#9063 enables Guard discovery in about an hour by websites

changed milestone to %Tor: 0.2.3.x-final

added component::core tor/tor milestone::Tor: 0.2.3.x-final priority::high resolution::fixed status::closed type::defect version::tor 0.2.4.13-alpha labels

Two more variations:

A) A website just causes Alice to launch 2200 stream connections. Then she gets 2200 connected cells heading her way.

B) If Alice is using the leaky pipe design and has two circ-window-maxes heading her way, but she's also uploading stuff and triggers a sendme cell to return to her, that brings us to 2001.

The attack enabled by #9063 (moved) is extremely similar to the Guard discovery attack from rpw's paper.

It would appear to allow a malicious website to find your guards in about an hour..

Rock, meet the hard place :/.

Trac:
Cc: robgjansen, Flo, nickm to robgjansen, Flo, nickm, rpw
Priority: normal to major

Attack is courtesy of our friend boboper.

Thanks bob!

Trac:
Summary: #9063 (moved) went too far to #9063 (moved) enables Guard discovery of 0.2.4.x clients in about an hour by websites

See also #9001 (moved) for potential longer-term solutions.

Actually, this is all clients. Bob pointed out that it is their Guards who have to upgrade for them to be vulnerable, not them.

Pretty bad stuff.

Perhaps we should remove #9063 (moved) and save it for Gaurds who actually experience OOMing?

Trac:
Summary: #9063 (moved) enables Guard discovery of 0.2.4.x clients in about an hour by websites to #9063 (moved) enables Guard discovery in about an hour by websites
Priority: major to critical

Geez, fuck -- yeah, probably roll it back unless/until we can find a smarter way to implement it.

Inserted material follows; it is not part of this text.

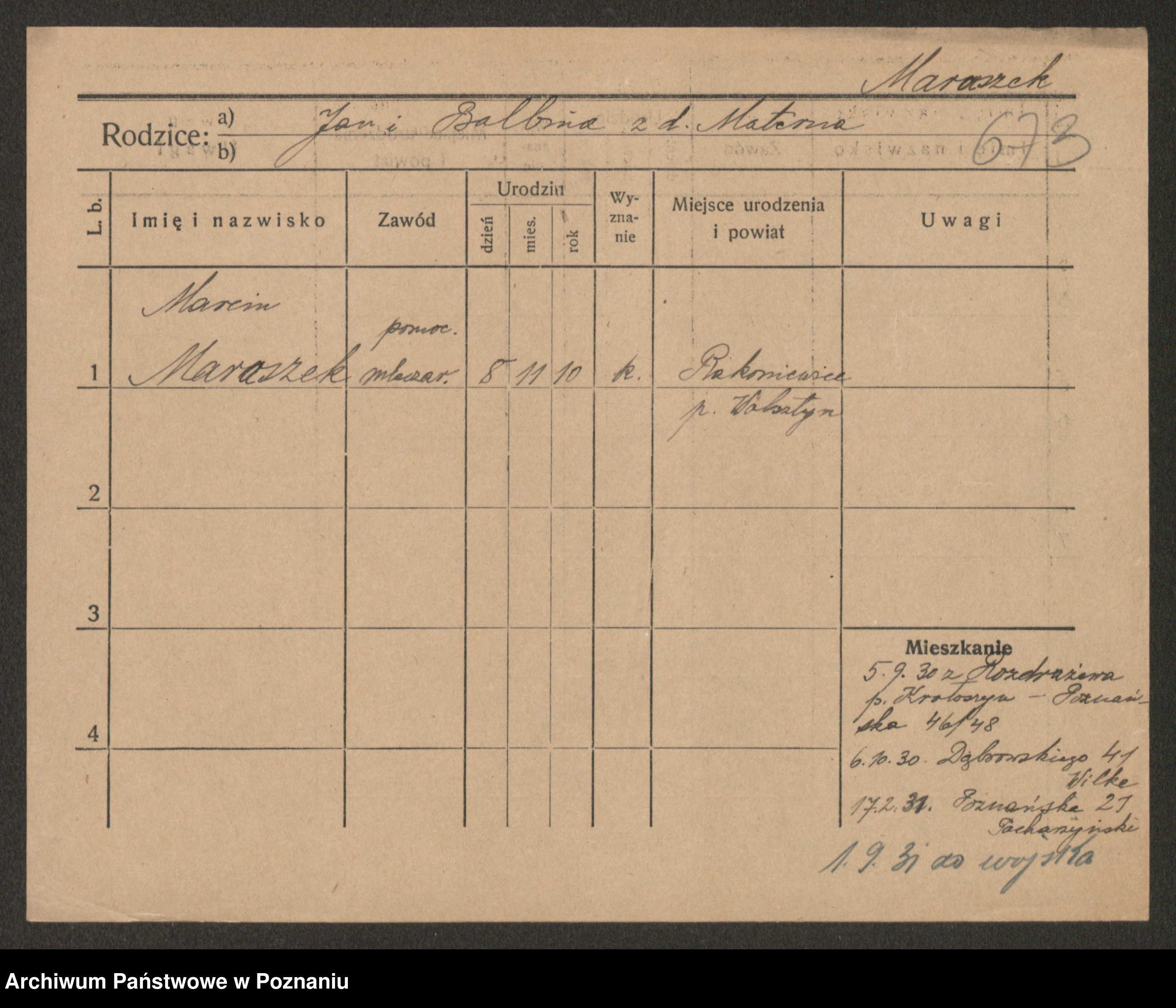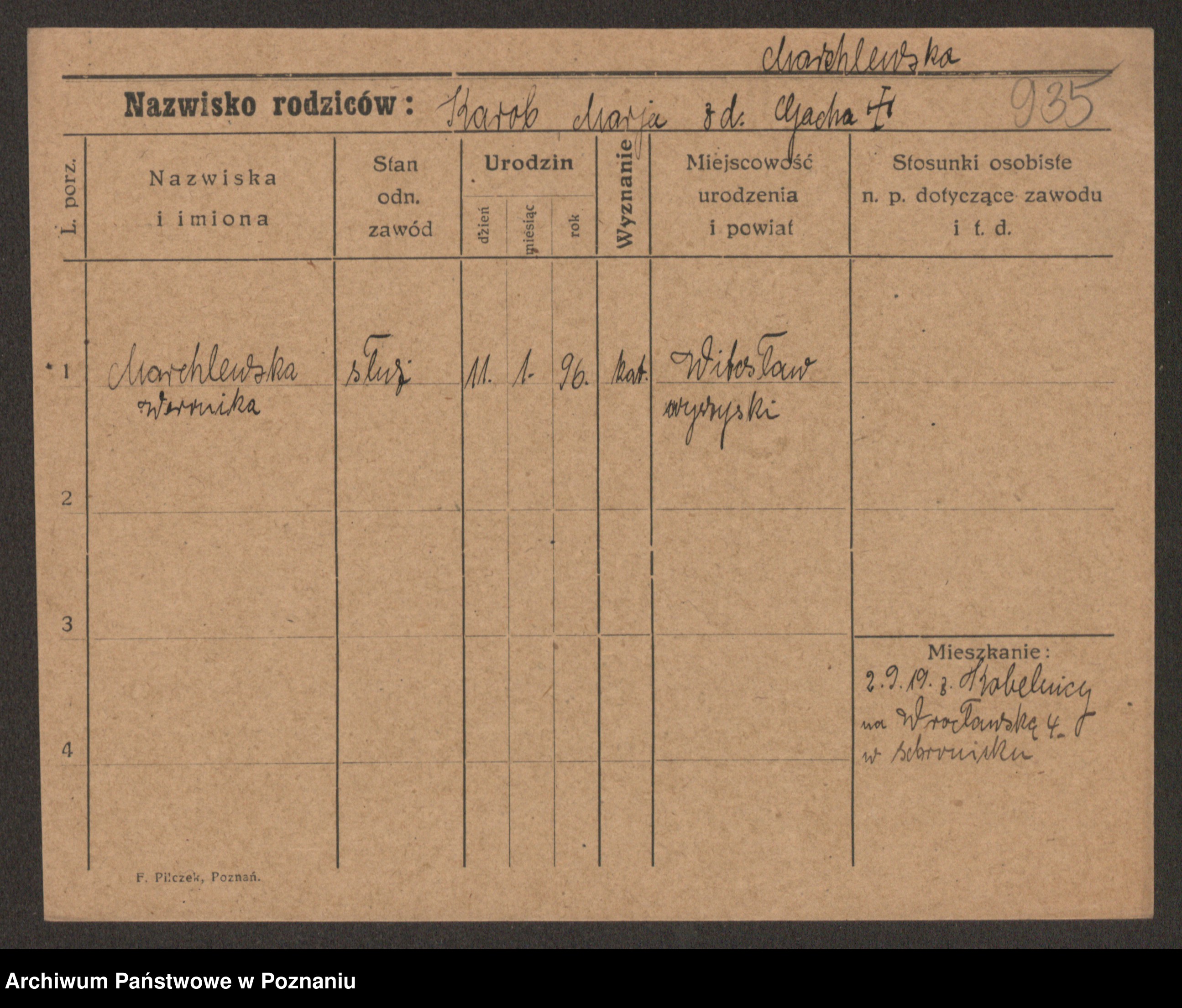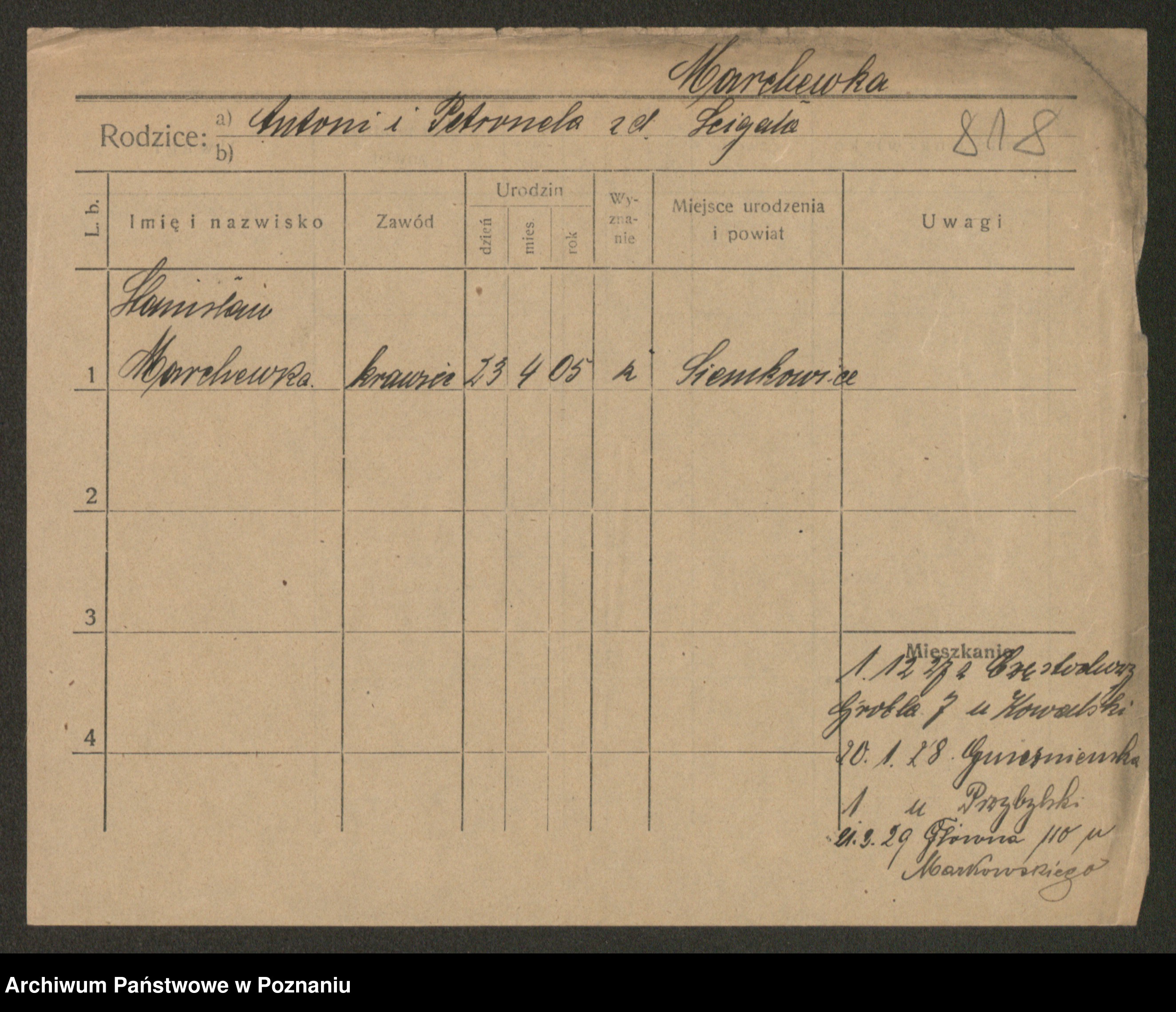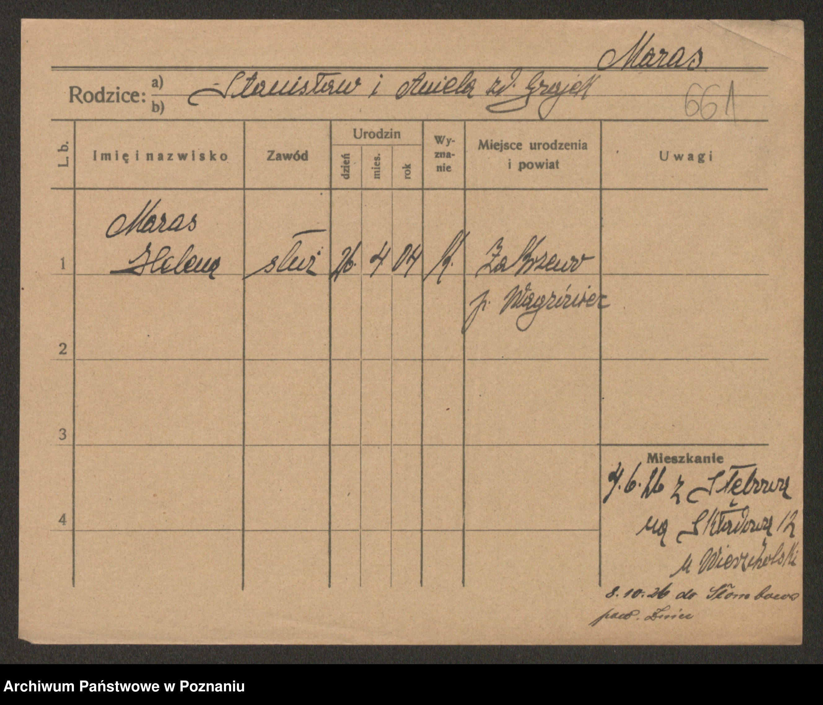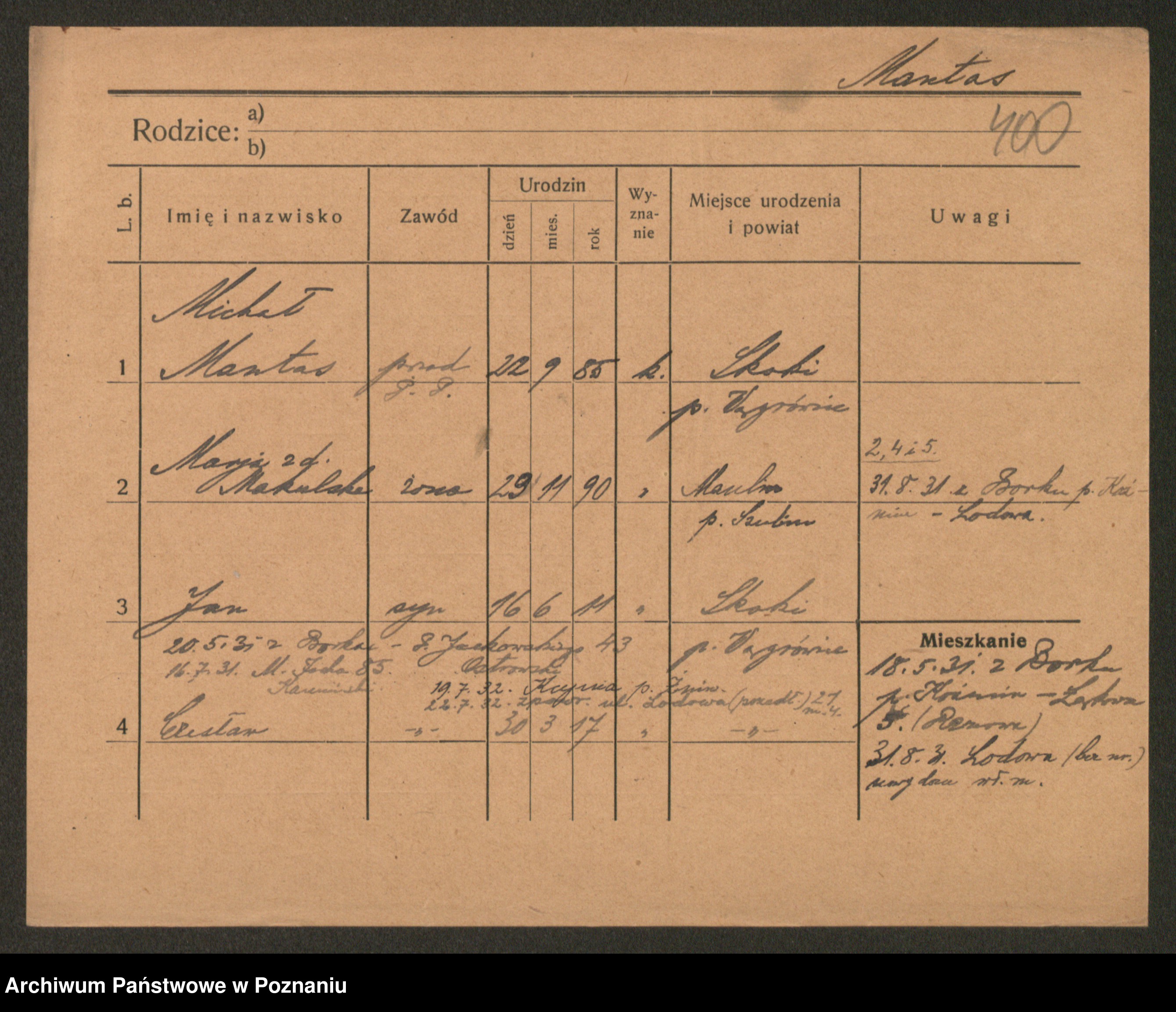 Podgląd karty osobowej dostępny jest po kliknięciu na nazwisko lub ikonkę karty. Można dokonywać powiększenia (ikony na górze) lub przechodzić między kolejnymi skanami (strzałki po bokach).

My bug9072-023, bug9072-024 and bug9072-025 #if out the #9063 (moved) code.

Trac:
Status: new to needs_review

Hm. Targetted OOM, or guard discovery. Not a great choice.

We might need to do the 0.2.5 version of a #9063 (moved) fix that we were talking about, where we defined a maximum space allocatable for cells, and do some kind of OOM killer on on clogged-looking circuits if we run out of space for new queued cells. Not great, and not delightful to contemplate for an 0.2.4 backport, but the OOM situation isn't greater either.

andrea: feel free to merge those for now .

This doesn't make discovering a client's entry guards significantly easier. It does make failing a client's circuits from the exit/destination end significantly easier, and as soon as the path-bias detector is turned on, that becomes a full remote user-tracing attack.

Here are a few sketch oom-killer algorithms. Let's try to find flaws in them and find something better.

Algorithm 1.

have a max number of allocated cells configured.
when that number is reached, consider all circuits and kill those with the longest queues until we are at X% of the limit.

Algorithm 2.

as in alg 1 above.
when he hit the limit, consider the connections with the largest number of queued cells on circuits aiming for them.
kill those connections until we are at X% of the limit.

Algorithm 3. 1, 2) as in alg 2 above. 3) kill the biggest circuits on those connections until we are at X% of our limit.

Algorithms 1T, 2T, 3T: As algorithms 1, 2, 3, but instead of longest queue, look at longest flush time, where flush time is the queue length divided by the connection's observed bandwidth.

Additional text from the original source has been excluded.